Several other incidents will also come under scrutiny by the task team. They include last month’s abandonment of a provincial ANC Women’s League conference because of suspected irregularities, fighting at a youth league provincial general council, the stabbing of members, the torching of offices and the general violence.
A Luthuli House deployee to the North West told the Mail & Guardian that the team’s purpose was to determine whether, in the light of the complaints and the violence, the ANC would be able to win with a convincing majority at next year’s national elections.
”There is no pre-determined decision to disband the PEC, but we have to investigate how the PEC has handled all these problems,” he said.
ANC provincial spokesperson Lolo Mashiane said members of the party’s national working committee (NWC) would visit the five regions of the province on Sunday to meet branch and regional structures to assess the situation at branch level.
The NWC will then meet provincial leaders on Monday to announce the outcome of the visits.
The North West province pre-dominantly supported President Thabo Mbeki at the Polokwane conference last year. The majority of those opposed to the PEC come from Jacob Zuma-supporting individuals, regions, the Umkhonto weSizwe Military Veterans’ Association and Cosatu.

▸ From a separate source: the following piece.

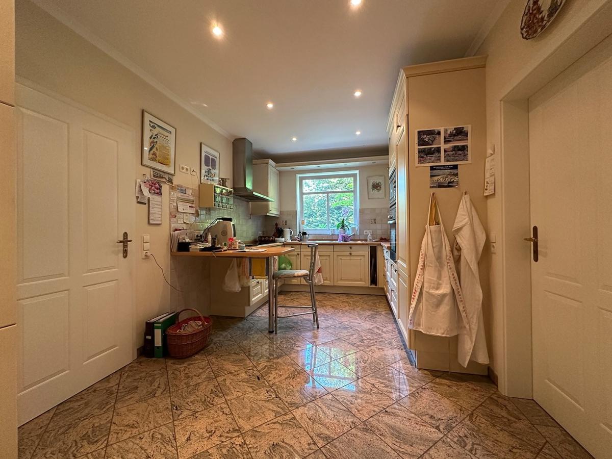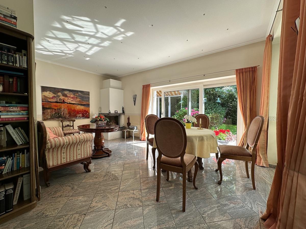 Die aktuelle interessante Raumgestaltung des Hauses lädt zum Wohlfühlen ein. Ein großer Wohn- und Esszimmerbereich mit Zugang zum etwas tiefer liegenden Kaminzimmer bietet eine offene Raumstruktur. Von hier gelangt man auf die Terrassen, den Freisitz und den eingewachsenen Ziergarten. Das Schlafzimmer verfügt über ein eigenes separates Duschbad. Das zweite Duschbad befindet sich in unmittelbarer Nähe zum Windfang und dient als Gästebad. Die Küche ist mit  einer großzügigen Einbauküche in U-Form ausgestattet. Hier befinden sich die jeweiligen Zugänge zu einem Ankleide- oder Gästezimmer, Kaminzimmer und in den Teilkeller ( 2 Räume).

The PEC has isolated the individuals and served 18 of them with suspension letters for disruptive behaviour. Those opposed to the PEC showed the M&G a security report prepared after the aborted women’s league conference.
The report included allegations that the PEC members brought people who were not delegates to the venue and registered them as delegates and that the ”fake” delegates were allocated rooms and given accreditation cards that belonged to the real delegates. According to the security report a printing machine that produced duplicated accreditation cards was found in the room of a PEC member.
But ANC provincial spokesperson Lolo Mashiane questioned the report, saying an inspection of the room had revealed no printing machine. She said it was unlikely that the ANC would disband the PEC, adding that the national leadership had been told that the people who filed complaints were serial disrupters of party conferences who deserved to be suspended.
A Luthuli House insider also told the M&G that the ANC was unlikely to rule in favour of rowdy elements who had disrupted ANC conferences, even if they had reservations about the PEC.